One of the challenges that has faced early event detection (EED) systems to date has been their validation. There is a lack of standard methodology for the development of syndrome definitions and the choice of gold standards against which to measure the validity of syndrome definitions.2–4 Intricately tied to validation is the question of how to evaluate sensitivity and specificity, since it is difficult to define a gold standard data set that is independent from the testing data set. We have previously used the ICD-9-CM code for influenza as the reference standard in order to improve the sensitivity of an influenza-like-illness syndrome query.5,6 The drawback to using ICD-9-CM codes for this purpose (without expert review) is that different clinicians have varying thresholds for assigning syndrome-related diagnoses based on clinical suspicion (i.e. without confirmatory testing), resulting in additional false positive and false negative cases being considered as gold standard true positive records. Other investigators have defined reference standards using ICD-9-CM diagnosis codes to identify records for expert review.7 The method of arriving at the gold standard dataset for the purpose of calculating sensitivity and specificity affects the validity of these calculations.
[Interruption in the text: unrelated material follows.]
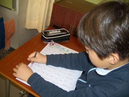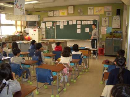 1年生の教室では、漢字のまとめを丁寧に指導していました。

While high sensitivity is important to meet the empiric needs of electronic EED systems, high specificity is also important so that public health professionals can allocate their time efficiently. False positive syndrome hits may result in system alarms, which can waste time due to unnecessary signal investigation. In this paper, we describe a method for measuring the sensitivity and specificity of syndrome classification in order to evaluate ways to improve EED system performance through the creation of a gold standard data set.
Methods
Sample Selection
The basis of our methodology was to randomly select a stratified sample of records, basing sample allocation on estimated prevalence, sensitivity, and specificity. Since only a small percentage of records in an emergency department (ED) database are positive for any one syndrome, we created a less stringent version of our standard respiratory syndrome definition from which we could then draw our samples. The composition of both these queries is described below. Clinical experts then independently reviewed the sampled records and assigned a syndrome status to each record according to our syndrome case definition, thereby creating a gold-standard dataset of true positive syndrome cases.
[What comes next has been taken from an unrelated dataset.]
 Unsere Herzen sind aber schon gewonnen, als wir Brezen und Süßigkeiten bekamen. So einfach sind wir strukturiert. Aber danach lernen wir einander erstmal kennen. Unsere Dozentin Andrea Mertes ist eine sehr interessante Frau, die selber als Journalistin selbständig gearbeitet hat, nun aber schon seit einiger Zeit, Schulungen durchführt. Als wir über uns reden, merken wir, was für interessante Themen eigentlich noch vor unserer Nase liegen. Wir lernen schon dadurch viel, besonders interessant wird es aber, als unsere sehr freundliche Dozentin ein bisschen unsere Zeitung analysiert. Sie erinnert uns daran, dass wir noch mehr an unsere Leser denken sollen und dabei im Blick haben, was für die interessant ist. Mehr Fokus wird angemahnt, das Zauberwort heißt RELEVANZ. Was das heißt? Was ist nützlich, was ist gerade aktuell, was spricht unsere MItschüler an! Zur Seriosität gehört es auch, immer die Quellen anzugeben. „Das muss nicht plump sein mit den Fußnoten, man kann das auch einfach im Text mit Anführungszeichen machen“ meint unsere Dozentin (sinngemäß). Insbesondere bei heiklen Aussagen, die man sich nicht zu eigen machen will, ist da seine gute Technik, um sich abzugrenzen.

We created a static database containing approximately 1.1 millions visits from the North Carolina Disease Event Tracking and Epidemiologic Collection Tool8 (NC DETECT, www.ncdetect.org), a population based EED system which utilizes ED data as one of its primary data sources. These visits occurred between Oct 1, 2004 and Sep 30, 2005 (this date range was chosen over a calendar year so as to include an entire influenza season). Once we removed all visits with an injury related primary diagnosis code, we were left with 956,015 records.
The NC DETECT syndrome queries search the chief complaint and triage note data elements of each record for free text strings in order to find terms associated with a syndrome. The queries operationalize clinical case definitions, which are derived from the CDC’s text-based case definitions for bioterrorism syndromes.9 The case definitions have been modified over several years in an iterative fashion according to the knowledge and experience of the NC DETECT Syndrome Definition Workgroup. Syndrome queries are written in structured query language (SQL) designed to identify these terms, as well as common synonyms, acronyms, abbreviation, truncations and misspellings, in the free text data.
Chief complaint (CC) is defined by the Centers for Disease Control and Prevention (CDC) as “(the) patient’s reason for seeking care or attention (in the ED)”. The triage note (TN) field contains more detail on reason for ED visit as documented by the triage nurse at the time of initial patient presentation. NC DETECT’s standard respiratory query looks for a respiratory symptom (e.g. cough, shortness of breath) and a constitutional symptom (e.g. fever, fatigue) in either the CC or TN fields. The less stringent respiratory query only requires a respiratory symptom, without a requirement for a constitutional term. Standard and less stringent respiratory syndrome queries were applied to the entire data set and each record was given a corresponding syndrome designation.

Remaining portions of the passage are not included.